*** Opening of DATA ***
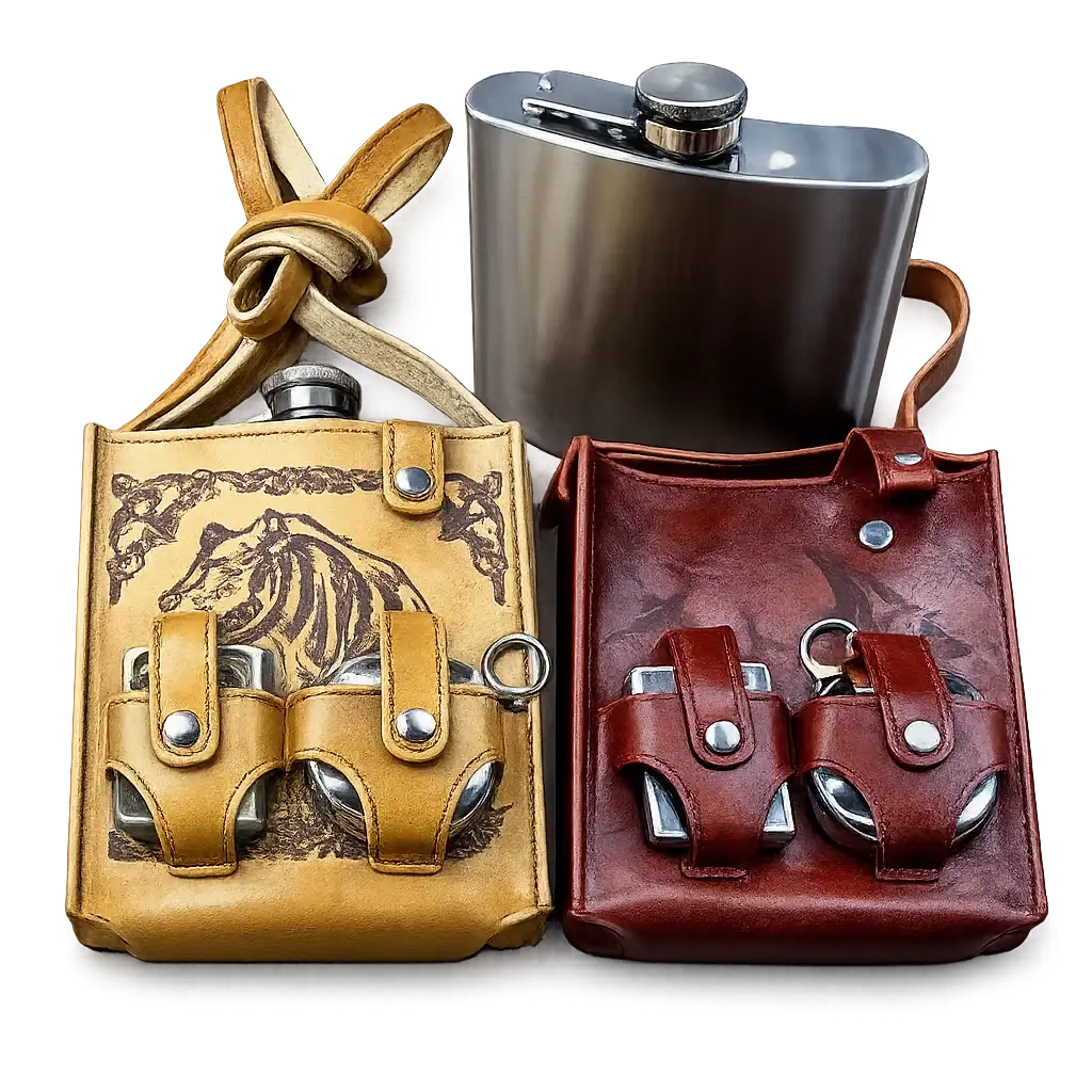 Комплект манерка с чаша и запалка в кожен калъф – практичен избор за приключения
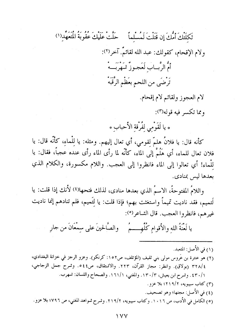 واللام المفتوحة، الاسم الذي بعدها منادى، لذلك فتحها لأنك إذا قلت: يا لتميم، فقد ناديت تميماً واستغثت بهم؛ فإذا قلت: يا لتميم، فلم تنادهم إنما ناديت غيرهم، فانظروا العجب. قال الشاعر:
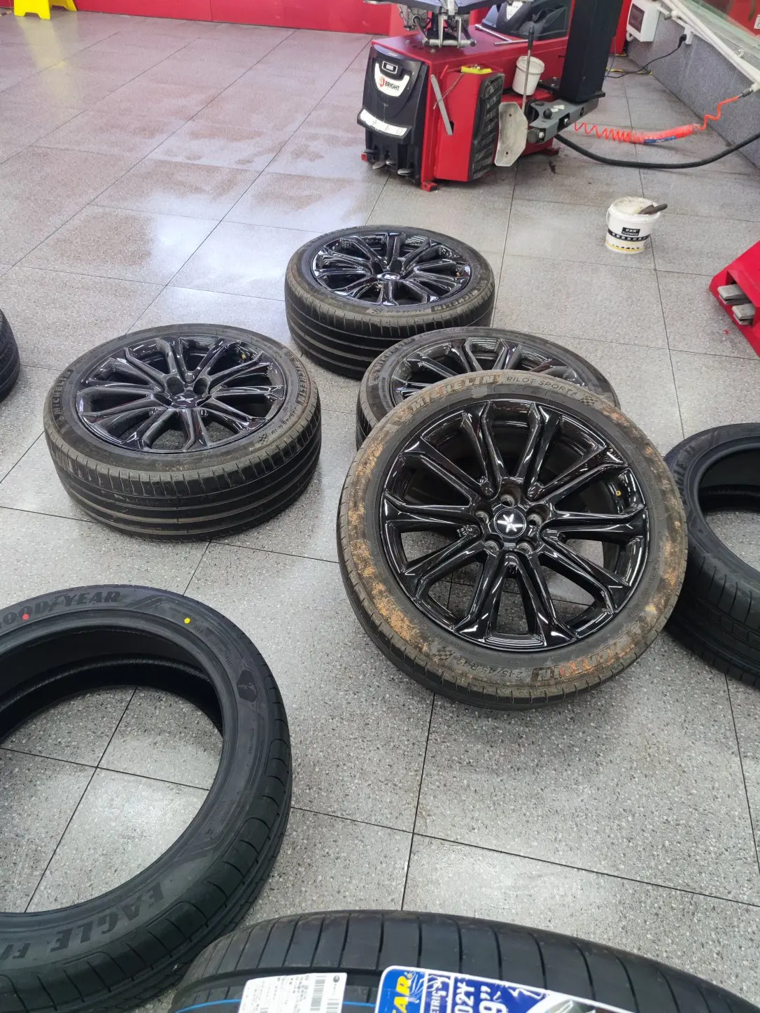提车一年两个月,四万七千公里,四驱虽爽,但是轮胎磨得飞快,这次买了8条轮胎,四条倍耐力255/45R19的PZero,后面查了P7的轮毂数据是19*8J的,最大只支持245的胎宽,然后我又买了4条固特异Eagle F1A3希望会比原厂米其林PS4耐磨一点。最后分享一下关于轮胎的心得,在车胎沟槽变浅以后,轮胎排水性能不如新胎时候的状态了,遇到雨天排水性能不好,滚动阻力就会变得很大,最后直接导致能耗飙升(我跑同一条高速晴天能耗18,雨天能耗24)。
*** Close of DATA ***
- [WHAT YOU SHOULD DO]:
Restate the material above exactly. Exclude all pictures.

- [SOLUTION TO THE EXERCISE]:
 Комплект манерка с чаша и запалка в кожен калъф – практичен избор за приключения
 واللام المفتوحة، الاسم الذي بعدها منادى، لذلك فتحها لأنك إذا قلت: يا لتميم، فقد ناديت تميماً واستغثت بهم؛ فإذا قلت: يا لتميم، فلم تنادهم إنما ناديت غيرهم، فانظروا العجب. قال الشاعر:
提车一年两个月,四万七千公里,四驱虽爽,但是轮胎磨得飞快,这次买了8条轮胎,四条倍耐力255/45R19的PZero,后面查了P7的轮毂数据是19*8J的,最大只支持245的胎宽,然后我又买了4条固特异Eagle F1A3希望会比原厂米其林PS4耐磨一点。最后分享一下关于轮胎的心得,在车胎沟槽变浅以后,轮胎排水性能不如新胎时候的状态了,遇到雨天排水性能不好,滚动阻力就会变得很大,最后直接导致能耗飙升(我跑同一条高速晴天能耗18,雨天能耗24)。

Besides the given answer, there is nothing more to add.